▸ EXERCISE DIRECTIONS
Restate word for word the lines below that run from the one holding "Detailgetreue Holzfahrzeuge werden" through the one holding "The shop neighbors", inclusive. Pictures don't belong in the copy.

▸ THE DATA

============================================================

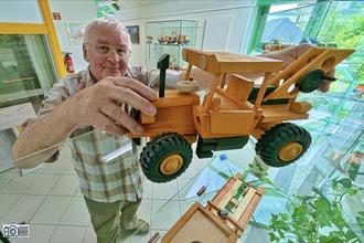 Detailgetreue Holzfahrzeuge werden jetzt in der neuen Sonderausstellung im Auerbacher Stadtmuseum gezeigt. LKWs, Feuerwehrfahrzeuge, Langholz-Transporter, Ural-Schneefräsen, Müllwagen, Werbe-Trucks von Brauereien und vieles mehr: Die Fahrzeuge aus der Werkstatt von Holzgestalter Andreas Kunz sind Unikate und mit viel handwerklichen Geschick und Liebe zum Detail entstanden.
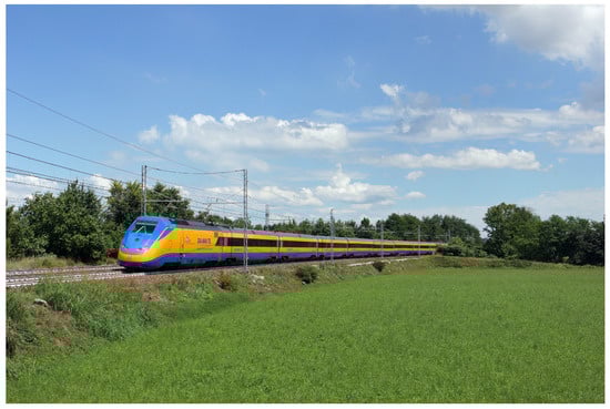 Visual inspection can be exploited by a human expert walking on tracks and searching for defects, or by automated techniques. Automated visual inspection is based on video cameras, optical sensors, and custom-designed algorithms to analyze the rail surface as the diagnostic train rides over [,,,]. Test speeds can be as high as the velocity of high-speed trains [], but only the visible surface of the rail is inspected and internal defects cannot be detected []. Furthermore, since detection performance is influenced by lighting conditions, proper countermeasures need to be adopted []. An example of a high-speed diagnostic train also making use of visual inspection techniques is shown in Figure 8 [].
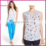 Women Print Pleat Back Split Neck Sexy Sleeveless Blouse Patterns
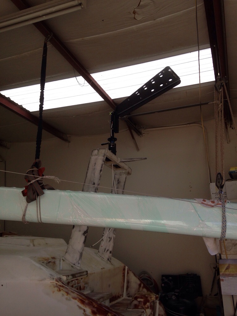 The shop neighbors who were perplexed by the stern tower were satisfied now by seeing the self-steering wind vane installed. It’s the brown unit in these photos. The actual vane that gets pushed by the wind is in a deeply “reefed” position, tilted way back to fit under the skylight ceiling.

============================================================

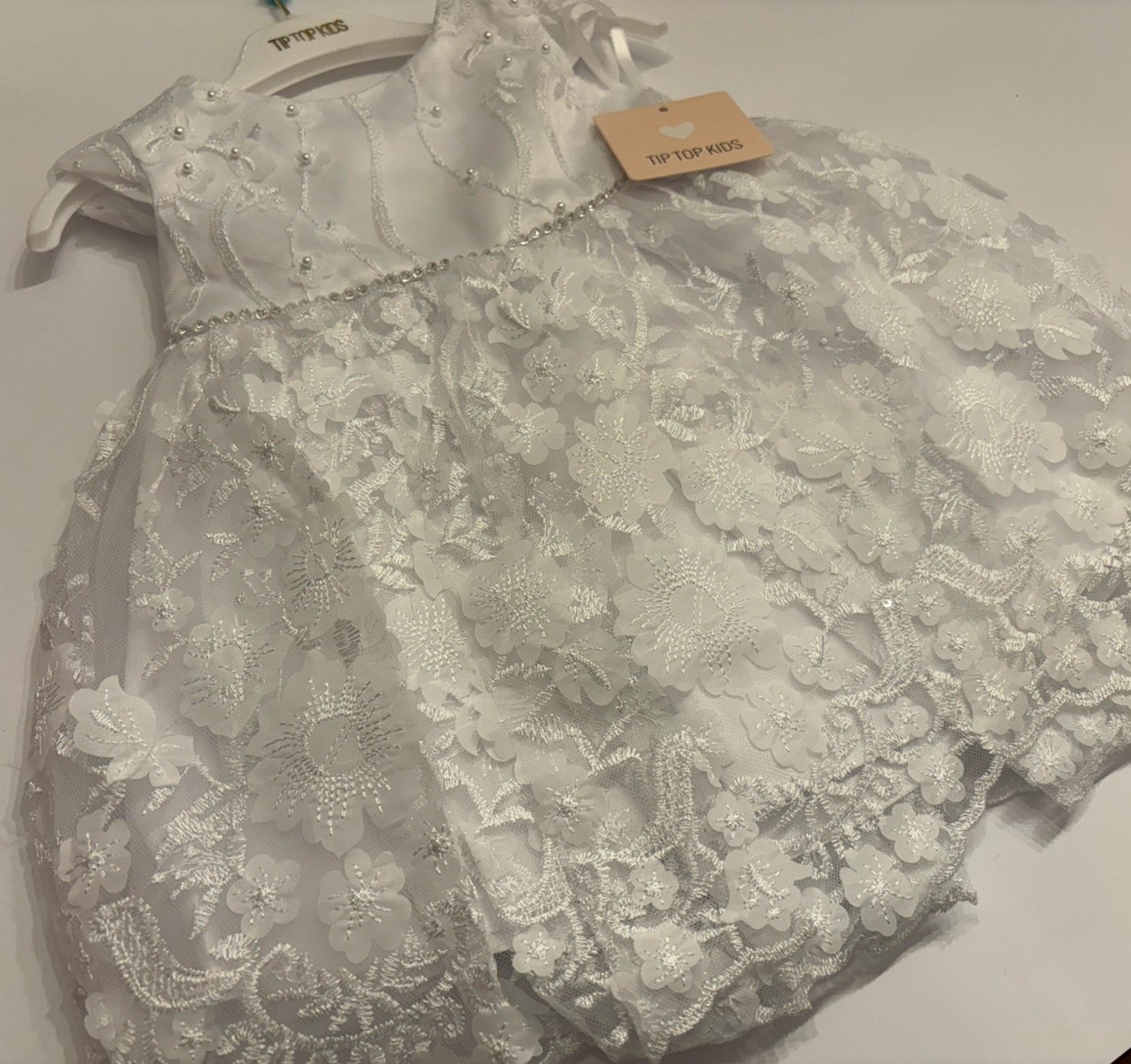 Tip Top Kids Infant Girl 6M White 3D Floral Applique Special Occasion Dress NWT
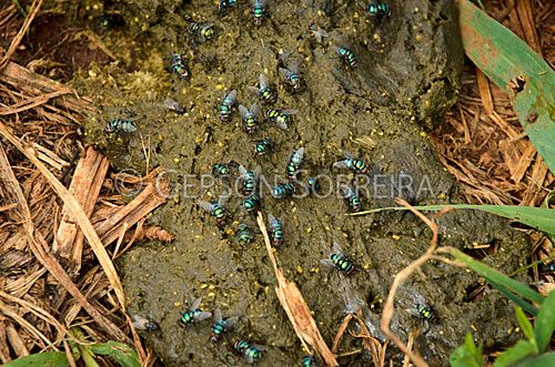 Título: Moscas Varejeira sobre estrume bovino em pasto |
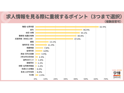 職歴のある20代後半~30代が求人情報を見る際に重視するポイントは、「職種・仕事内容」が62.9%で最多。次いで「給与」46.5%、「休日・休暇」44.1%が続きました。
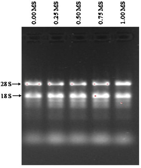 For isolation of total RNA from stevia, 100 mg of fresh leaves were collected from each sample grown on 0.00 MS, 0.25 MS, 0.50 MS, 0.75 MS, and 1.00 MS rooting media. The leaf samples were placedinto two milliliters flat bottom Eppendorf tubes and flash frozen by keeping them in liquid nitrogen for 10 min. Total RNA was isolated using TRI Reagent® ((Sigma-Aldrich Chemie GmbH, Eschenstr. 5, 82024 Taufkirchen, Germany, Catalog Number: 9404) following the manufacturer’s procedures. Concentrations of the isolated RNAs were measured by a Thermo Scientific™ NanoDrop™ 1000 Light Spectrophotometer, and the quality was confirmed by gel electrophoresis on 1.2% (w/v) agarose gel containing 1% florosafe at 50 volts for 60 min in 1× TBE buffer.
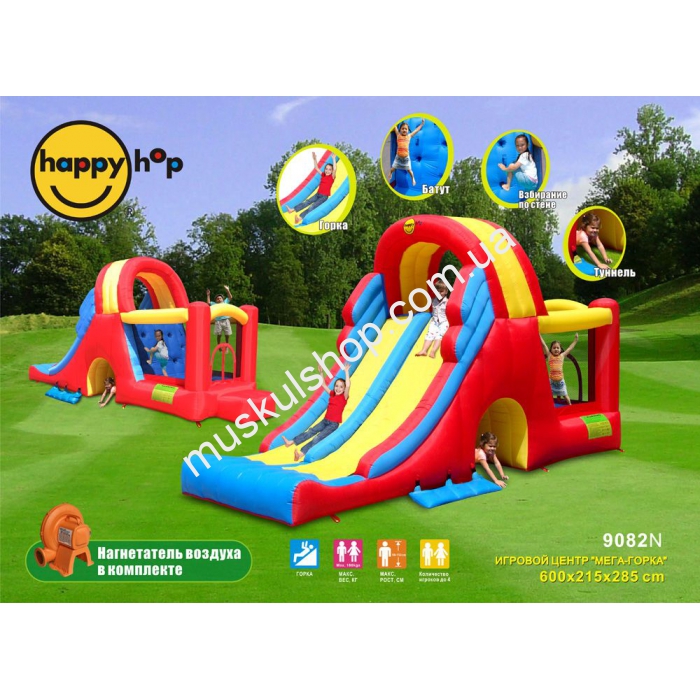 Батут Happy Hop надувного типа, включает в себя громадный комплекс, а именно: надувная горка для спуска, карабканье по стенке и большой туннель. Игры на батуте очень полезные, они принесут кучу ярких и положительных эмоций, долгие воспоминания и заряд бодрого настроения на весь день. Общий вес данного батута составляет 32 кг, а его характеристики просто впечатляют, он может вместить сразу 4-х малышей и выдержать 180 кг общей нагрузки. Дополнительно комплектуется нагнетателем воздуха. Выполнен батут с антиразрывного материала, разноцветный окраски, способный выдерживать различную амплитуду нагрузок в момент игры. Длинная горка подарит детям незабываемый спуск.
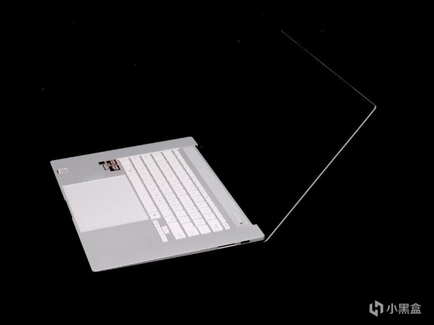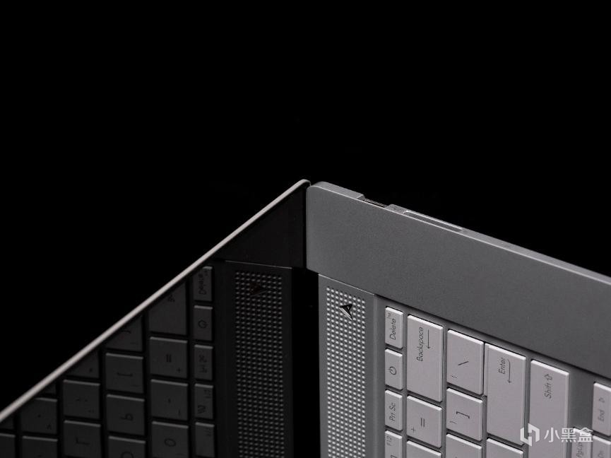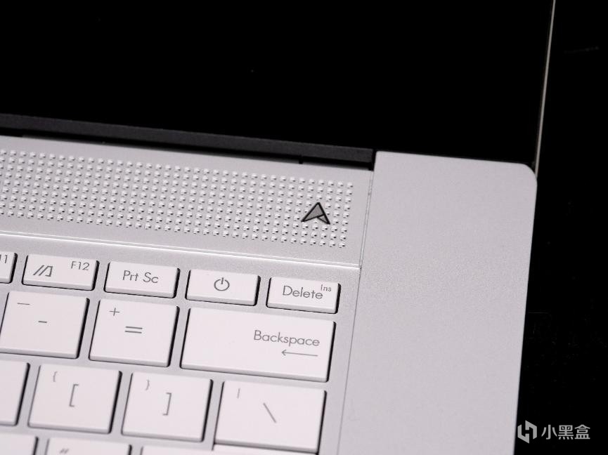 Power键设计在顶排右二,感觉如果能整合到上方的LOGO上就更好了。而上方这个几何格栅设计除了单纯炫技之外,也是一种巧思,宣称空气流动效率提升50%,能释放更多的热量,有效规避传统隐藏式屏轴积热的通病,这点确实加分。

============================================================

▸ TASK RESPONSE
 Detailgetreue Holzfahrzeuge werden jetzt in der neuen Sonderausstellung im Auerbacher Stadtmuseum gezeigt. LKWs, Feuerwehrfahrzeuge, Langholz-Transporter, Ural-Schneefräsen, Müllwagen, Werbe-Trucks von Brauereien und vieles mehr: Die Fahrzeuge aus der Werkstatt von Holzgestalter Andreas Kunz sind Unikate und mit viel handwerklichen Geschick und Liebe zum Detail entstanden.
 Visual inspection can be exploited by a human expert walking on tracks and searching for defects, or by automated techniques. Automated visual inspection is based on video cameras, optical sensors, and custom-designed algorithms to analyze the rail surface as the diagnostic train rides over [,,,]. Test speeds can be as high as the velocity of high-speed trains [], but only the visible surface of the rail is inspected and internal defects cannot be detected []. Furthermore, since detection performance is influenced by lighting conditions, proper countermeasures need to be adopted []. An example of a high-speed diagnostic train also making use of visual inspection techniques is shown in Figure 8 [].
 Women Print Pleat Back Split Neck Sexy Sleeveless Blouse Patterns
 The shop neighbors who were perplexed by the stern tower were satisfied now by seeing the self-steering wind vane installed. It’s the brown unit in these photos. The actual vane that gets pushed by the wind is in a deeply “reefed” position, tilted way back to fit under the skylight ceiling.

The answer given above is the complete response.